Auteur : Christian Fleury Date : mai 2015 Structure de recherche associée à la MRSH : ESO-Caen |
Cette photographie semble anodine au premier regard : un pêcheur rangeant ses paniers, une mer pas vraiment déchaînée, en arrière-plan quelques « cailloux », comme on dit dans ce secteur situé entre Bretagne et Normandie. Mais cette apparente sérénité est trompeuse. Ici, sur le plateau des Minquiers, les courants et les coefficients de marée atteignent des vitesses et des hauteurs rarement égalées dans le monde. En fonction de ce coefficient qui varie quotidiennement, de l’heure du jour, des conditions atmosphériques et de houle, des milliers de rochers affleurent ou restent immergés, constituant autant de pièges pour le navigateur. Il n’est donc pas étonnant que cette vaste zone de 200 km² pourtant située au cœur d’une région densément peuplée, s’avère un territoire de pêche uniquement réservé aux plus aguerris. De fait, ils ne sont guère plus d’une dizaine de petits bateaux, Jersiais et Français confondus, pour venir y exploiter la très abondante ressource en crustacés. Dépositaires d’un savoir-faire impressionnant, pratiquant un métier valorisant et dangereux, la plupart d’entre eux travaillent seuls. Ils ramènent quotidiennement vers Jersey ou Granville les homards que l’on retrouvera ensuite sur les tables des meilleurs restaurants.
La présence de ce pêcheur français dans les eaux du bailliage de Jersey, sous souveraineté britannique bien que situées dans une échancrure prononcée du littoral du nord-ouest de la France, ne va pas de soi. Elle découle d’une longue histoire émaillée de querelles de voisinage et jalonnée par une succession d’accords locaux, d’arbitrages internationaux, de traités franco-britanniques ayant finalement reconnu les droits historiques des pêcheurs français riverains. L’accord de la baie de Granville qui organise cette cohabitation constitue à ce titre un exemple particulièrement abouti de partage de l’espace marin, question dont les représentations, qu’elles soient cartographiques ou photographiques, rendent rarement compte de la complexité.
Vers d’autres horizons et à d’autres échelles, la diversification et l’intensification des enjeux économiques, stratégiques et symboliques rendent de plus en plus cruciale la question du partage de la mer.
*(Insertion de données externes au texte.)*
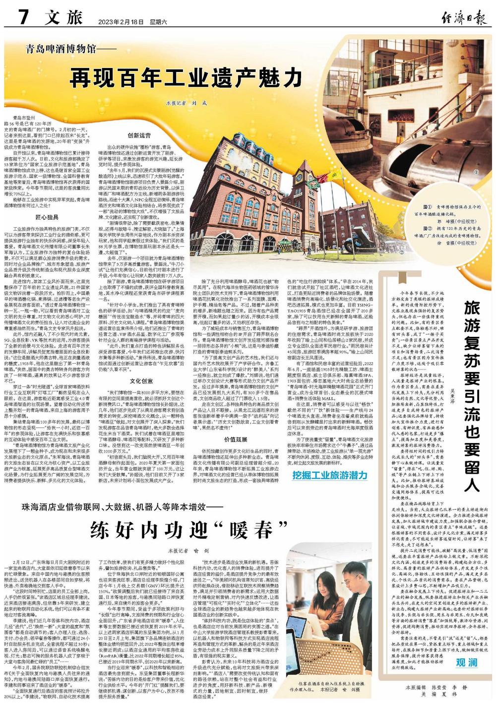 “此外,我们重点打造的特色讲解服务也深受游客喜爱,今年我们还将推出夜游、快闪市集等多种新活动。”袁伟伟说,青岛啤酒博物馆试图通过创新运营让游客在“乍见欢喜”后仍能“久看不厌”。

Celle-ci constitue un immense chantier juridique pour les instances internationales et les États, un défi pour les différents intervenants impliqués dans son exploitation, ainsi qu’un terrain de recherche passionnant pour les chercheurs en géographie.
Christian Fleury est chercheur associé à ESO-Caen. Ses travaux portent essentiellement sur les problématiques insulaires ainsi que sur les enjeux territoriaux et sociaux du partage de la mer, avec la Normandie mais également Saint-Pierre-et-Miquelon et Trinidad comme principaux terrains de recherche.